== Raw data
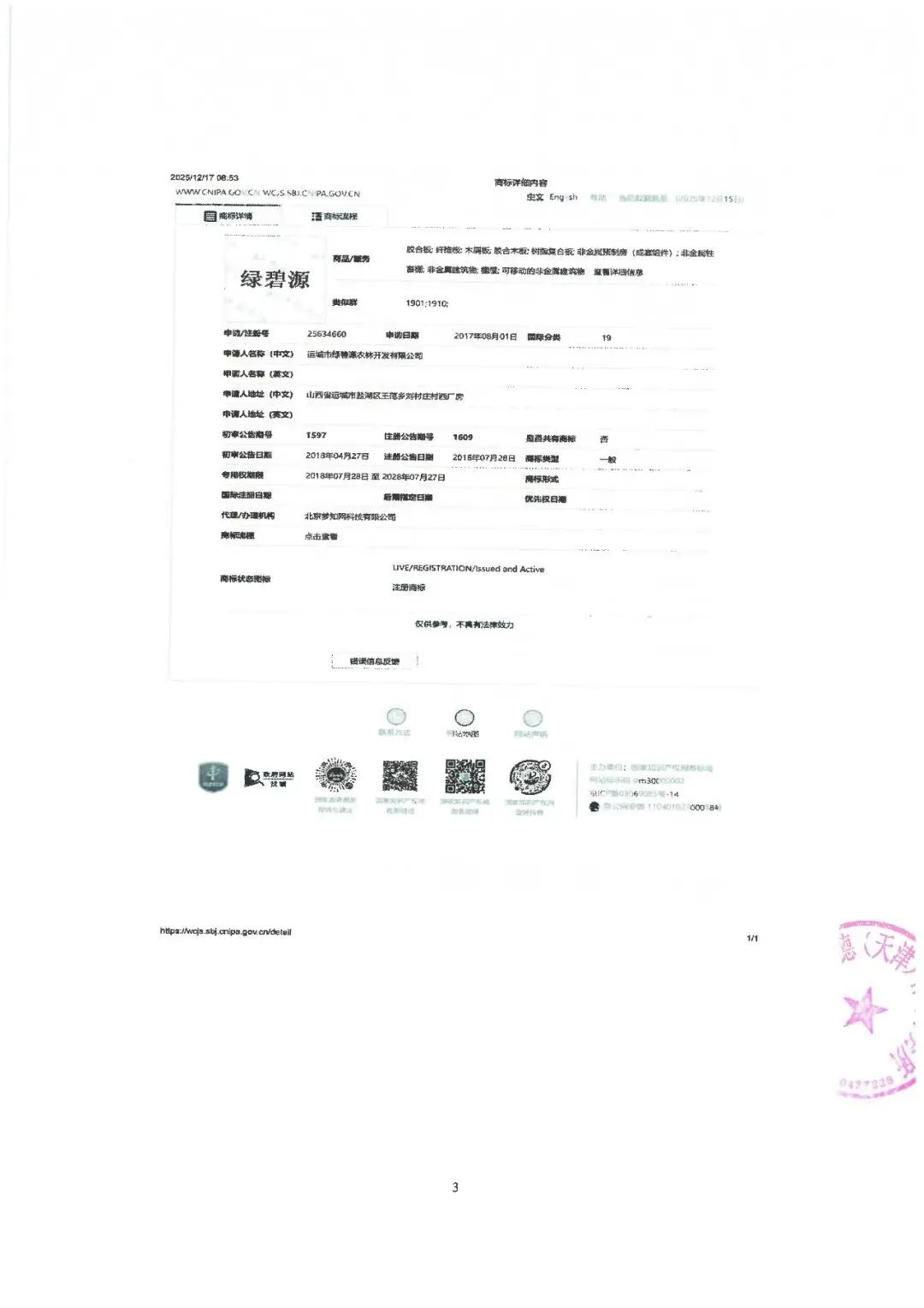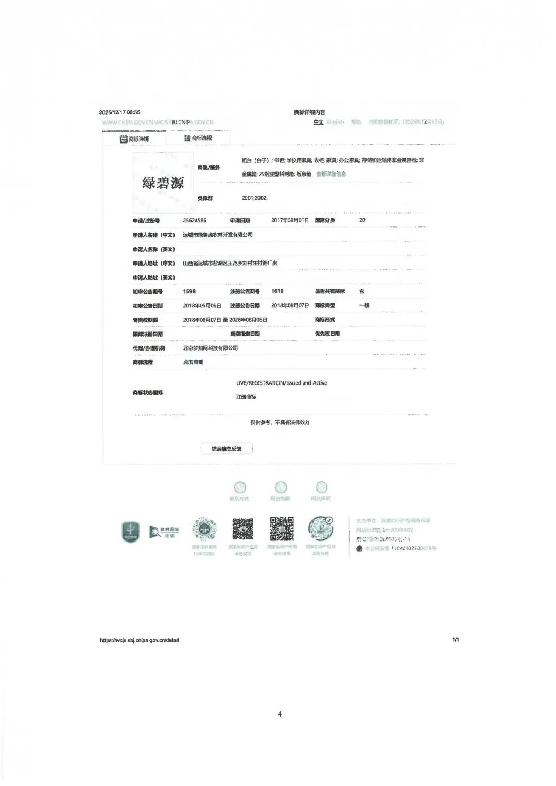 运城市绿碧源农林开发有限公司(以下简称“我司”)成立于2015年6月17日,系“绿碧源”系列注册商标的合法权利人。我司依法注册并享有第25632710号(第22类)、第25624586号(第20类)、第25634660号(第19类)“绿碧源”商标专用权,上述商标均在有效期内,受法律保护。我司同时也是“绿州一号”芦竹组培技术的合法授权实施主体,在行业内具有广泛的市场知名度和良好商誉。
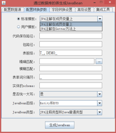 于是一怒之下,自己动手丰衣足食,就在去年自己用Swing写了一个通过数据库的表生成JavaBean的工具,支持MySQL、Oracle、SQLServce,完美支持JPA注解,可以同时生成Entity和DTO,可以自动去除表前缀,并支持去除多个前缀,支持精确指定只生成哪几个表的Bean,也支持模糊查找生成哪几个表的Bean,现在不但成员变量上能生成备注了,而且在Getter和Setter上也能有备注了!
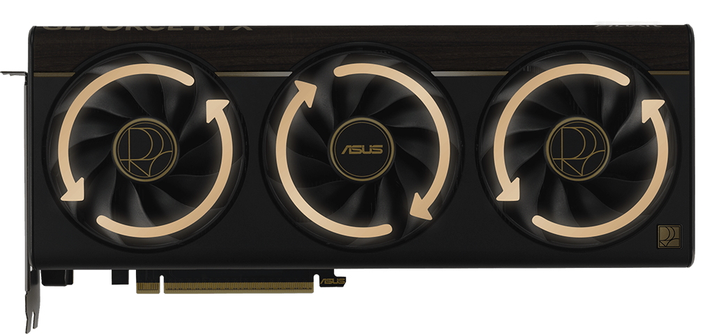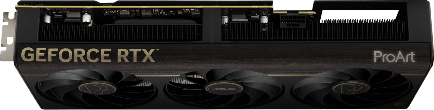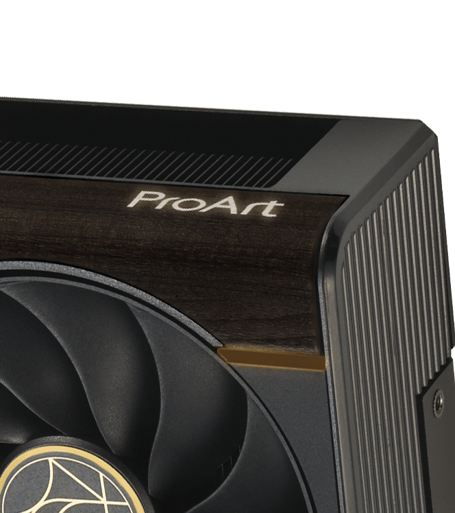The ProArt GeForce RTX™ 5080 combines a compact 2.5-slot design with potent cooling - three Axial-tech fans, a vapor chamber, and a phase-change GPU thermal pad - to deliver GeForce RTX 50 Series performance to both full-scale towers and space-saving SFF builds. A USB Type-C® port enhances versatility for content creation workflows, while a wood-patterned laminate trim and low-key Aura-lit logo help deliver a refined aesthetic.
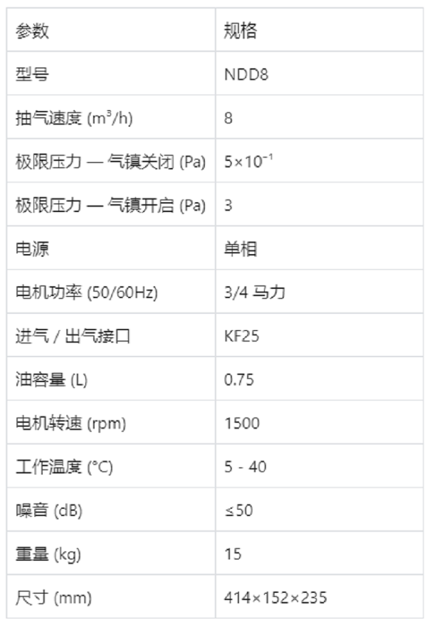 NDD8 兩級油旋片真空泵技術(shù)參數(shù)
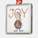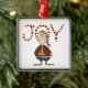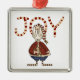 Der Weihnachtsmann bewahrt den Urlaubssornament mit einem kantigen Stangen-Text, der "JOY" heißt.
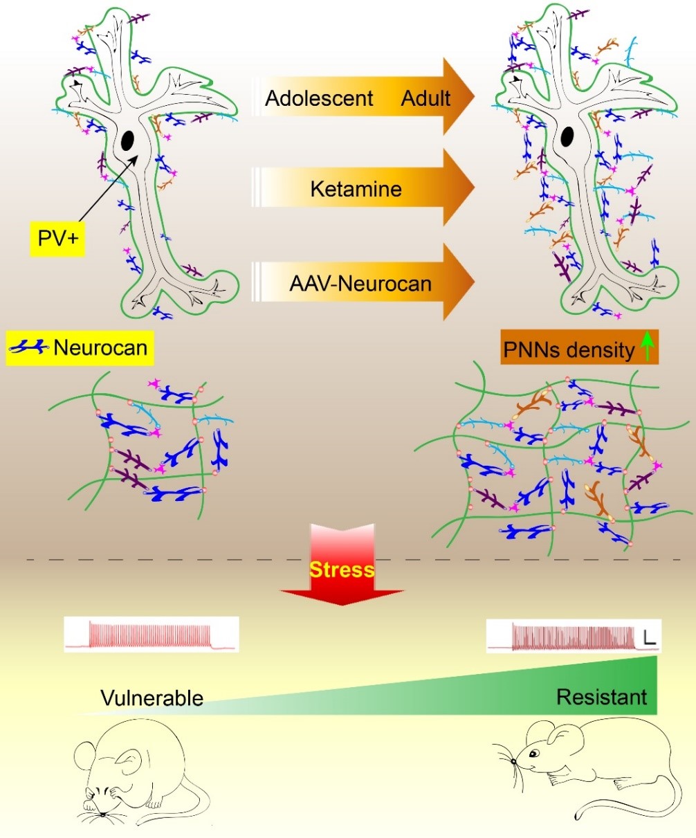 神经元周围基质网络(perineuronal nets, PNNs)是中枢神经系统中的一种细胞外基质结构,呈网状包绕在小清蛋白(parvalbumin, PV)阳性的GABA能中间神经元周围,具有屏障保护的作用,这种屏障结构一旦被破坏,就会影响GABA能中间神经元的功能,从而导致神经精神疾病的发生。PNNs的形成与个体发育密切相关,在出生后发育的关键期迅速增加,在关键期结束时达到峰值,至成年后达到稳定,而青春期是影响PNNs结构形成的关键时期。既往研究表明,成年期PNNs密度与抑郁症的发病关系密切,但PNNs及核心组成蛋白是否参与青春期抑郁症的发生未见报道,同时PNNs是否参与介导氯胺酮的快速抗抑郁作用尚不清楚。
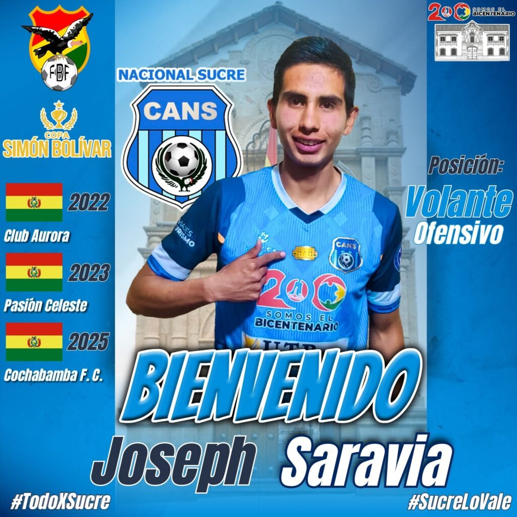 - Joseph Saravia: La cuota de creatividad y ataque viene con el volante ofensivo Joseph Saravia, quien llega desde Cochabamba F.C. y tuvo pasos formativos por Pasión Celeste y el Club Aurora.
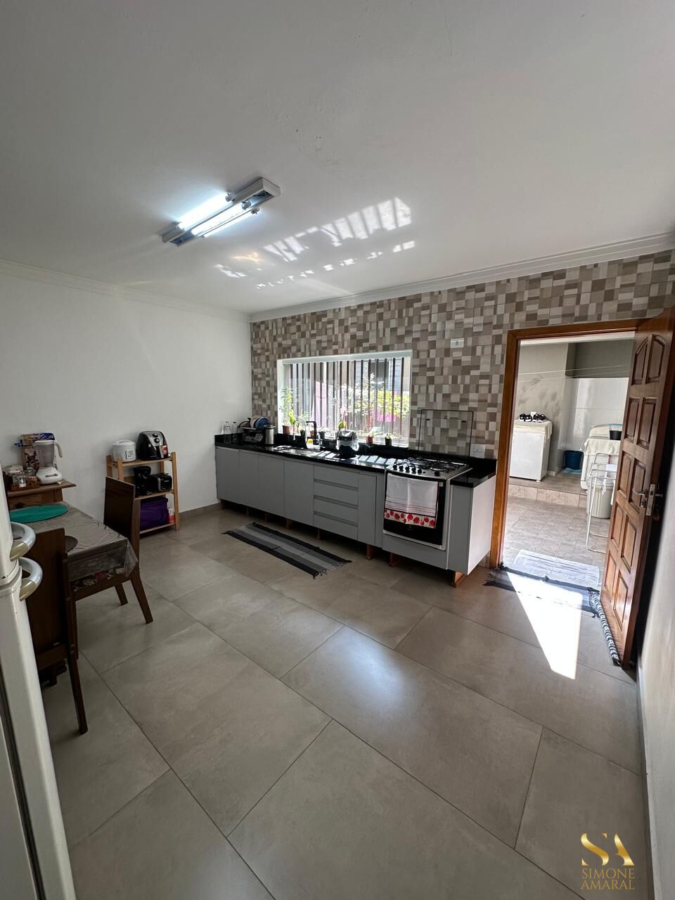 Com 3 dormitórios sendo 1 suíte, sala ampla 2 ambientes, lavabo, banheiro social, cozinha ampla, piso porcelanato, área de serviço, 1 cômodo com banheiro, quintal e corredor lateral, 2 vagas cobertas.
====
- **Aim of the task**:
Starting with the first line of the data, transcribe every line exactly through the one containing "于是一怒之下,自己动手丰衣足". No pictures go in.

- **Response box**:
 运城市绿碧源农林开发有限公司(以下简称“我司”)成立于2015年6月17日,系“绿碧源”系列注册商标的合法权利人。我司依法注册并享有第25632710号(第22类)、第25624586号(第20类)、第25634660号(第19类)“绿碧源”商标专用权,上述商标均在有效期内,受法律保护。我司同时也是“绿州一号”芦竹组培技术的合法授权实施主体,在行业内具有广泛的市场知名度和良好商誉。
 于是一怒之下,自己动手丰衣足食,就在去年自己用Swing写了一个通过数据库的表生成JavaBean的工具,支持MySQL、Oracle、SQLServce,完美支持JPA注解,可以同时生成Entity和DTO,可以自动去除表前缀,并支持去除多个前缀,支持精确指定只生成哪几个表的Bean,也支持模糊查找生成哪几个表的Bean,现在不但成员变量上能生成备注了,而且在Getter和Setter上也能有备注了!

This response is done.